Re Joseph David QC

Judgment Date12 December 2011
Date12 December 2011
Docket NumberOriginating Summons No 853 of 2011
CourtHigh Court (Singapore)
Re Joseph David QC

V K Rajah JA

Originating Summons No 853 of 2011

High Court

Legal Profession—Admission—Ad hoc admission of Queen's Counsel—Queen's Counsel applying to appear on matters immediately arising from and inextricably linked to prior arbitration proceedings in which Queen's Counsel was lead counsel—Whether case contained issues of fact and/or law of sufficient difficulty and complexity—Whether circumstances of case warranted court's exercise of discretion in favour of admission—Section 15 Legal Profession Act (Cap 161, 2009 Rev Ed)

This application was made pursuant to s 15 of the Legal Profession Act (Cap 161, 2009 Rev Ed) (‘the LPA’) for Mr David Joseph QC (‘the Applicant’) to be admitted as an advocate and solicitor of Singapore for the purpose of representing the plaintiffs in matters arising from Originating Summonses Nos 807 and 913 of 2010. The second defendant in these originating summonses was the respondent in this application (‘the Respondent’).

These originating summonses involved eight plaintiffs and three defendants who had participated in arbitration proceedings conducted under the auspices of the Singapore International Arbitration Centre. The dispute concerned a failed joint venture relating to the supply of satellite-delivered direct-to-home pay television services in Indonesia. The arbitral tribunal unanimously granted five awards in favour of the plaintiffs.

Leave to enforce the awards as judgments of the High Court of Singapore was subsequently sought and obtained by the plaintiffs, pursuant to s 19 of the International Arbitration Act (Cap 143 A, 2002 Rev Ed). The order granting leave (‘the Enforcement Orders’) provided that in the event that service of the Enforcement Orders was effected on the defendants outside the jurisdiction of Singapore, the defendants were allowed to apply to set aside the Enforcement Orders within 21 days after such service. The Enforcement Orders were served on the defendants in Indonesia, and the plaintiffs entered judgments in terms of the awards on 24 March 2011 (‘the 24 March 2011 Judgments’) when the defendants did not apply to challenge the Enforcement Orders within the stipulated timeframe of 21 days.

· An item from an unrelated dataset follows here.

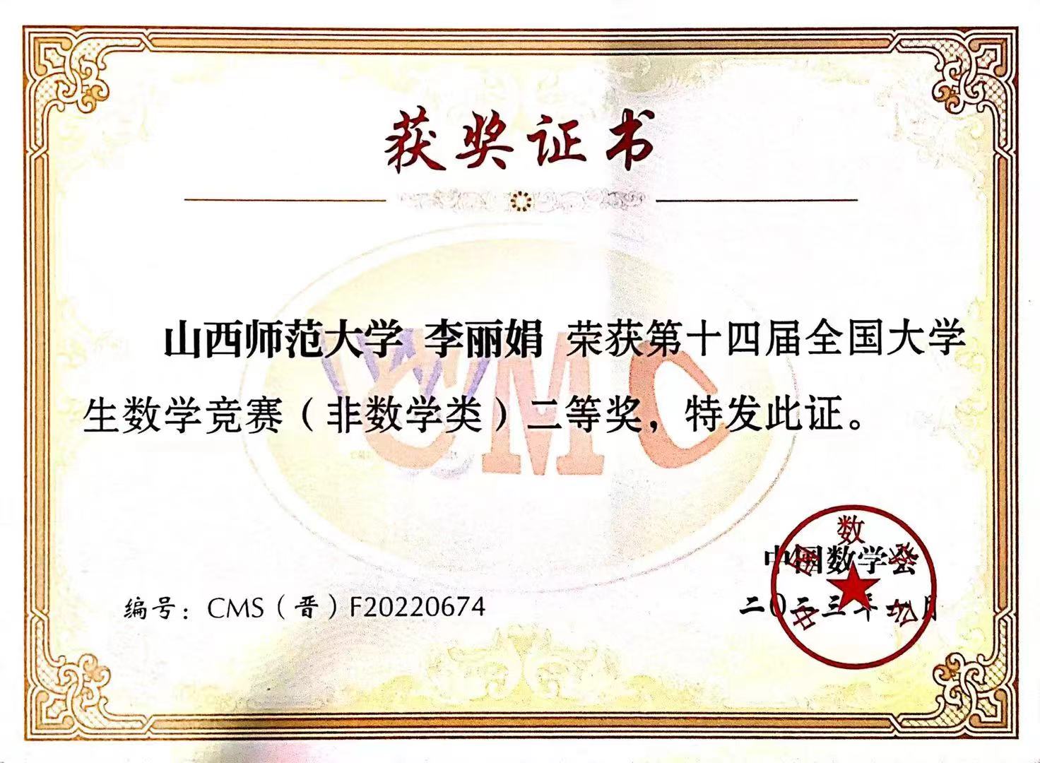 2023.01 第十四届全国老员工数学竞赛(非数学类)二等奖

Subsequently, the Respondent filed Summonses (‘SUMs’) Nos 1911 and 1912 of 2011 to set aside the 24 March 2011 Judgments on the basis that the service of the Enforcement Orders was not valid. The Respondent also sought leave to apply to set aside the Enforcement Orders within 21 days of the plaintiffs' service of the Enforcement Orders on the Respondent. The assistant registrar (‘the AR’) hearing these summonses decided that: (a) service of the Enforcement Orders was not valid; (b) the Respondent was deemed to have been served with the Enforcement Orders on 22 August 2011; and (c) the Respondent would be granted leave to set aside the Enforcement Orders by 12 September 2011.

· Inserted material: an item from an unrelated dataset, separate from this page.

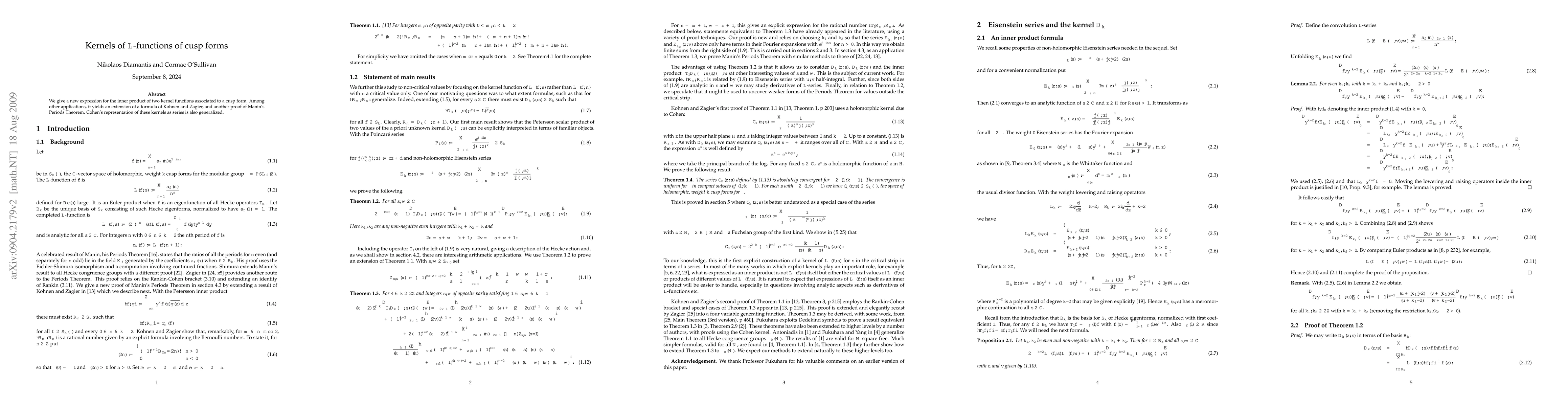 This paper presents a new expression for the inner product of kernel functions linked to cusp forms, extending Kohnen and Zagier's formula and providing another proof of Manin's Periods Theorem, while also generalizing Cohen's series representation of these kernels.

On 5 September 2011, the plaintiffs filed Registrar's Appeals (‘RAs’) 278 and 279 of 2011 (‘RAs 278/279’) against the AR's orders. On 12 September 2011, in compliance with the AR's order, the Respondent filed SUMs Nos 4064 and 4065 of 2011 (‘SUMs 4064/4065’) to set aside the Enforcement Orders. RAs 278/279 and SUMs 4064/4065 had been fixed for hearing together before the same High Court judge, on account of various common issues of law.

The Respondent vigorously objected to the Applicant's admission on the ground that the proceedings were not of sufficient difficulty and complexity to warrant admission of a Queen's Counsel. However, the Attorney-General and the Law Society of Singapore were of the view that the legal issues were of sufficient difficulty and complexity to warrant the exercise of judicial discretion in favour of the Applicant's admission.

Held, allowing the application:

(1) In determining an application under s 15 (1) of the LPA, the courts had usually applied a three-stage test: first, whether the case contained issues of fact or law of sufficient difficulty and complexity to justify the admission of a Queen's Counsel (‘the first stage’); second, whether the circumstances of the case warranted the court's exercise of discretion in favour of the applicant (‘the second stage’); and third, whether the applicant was a suitable candidate for admission (‘the third stage’): at [15].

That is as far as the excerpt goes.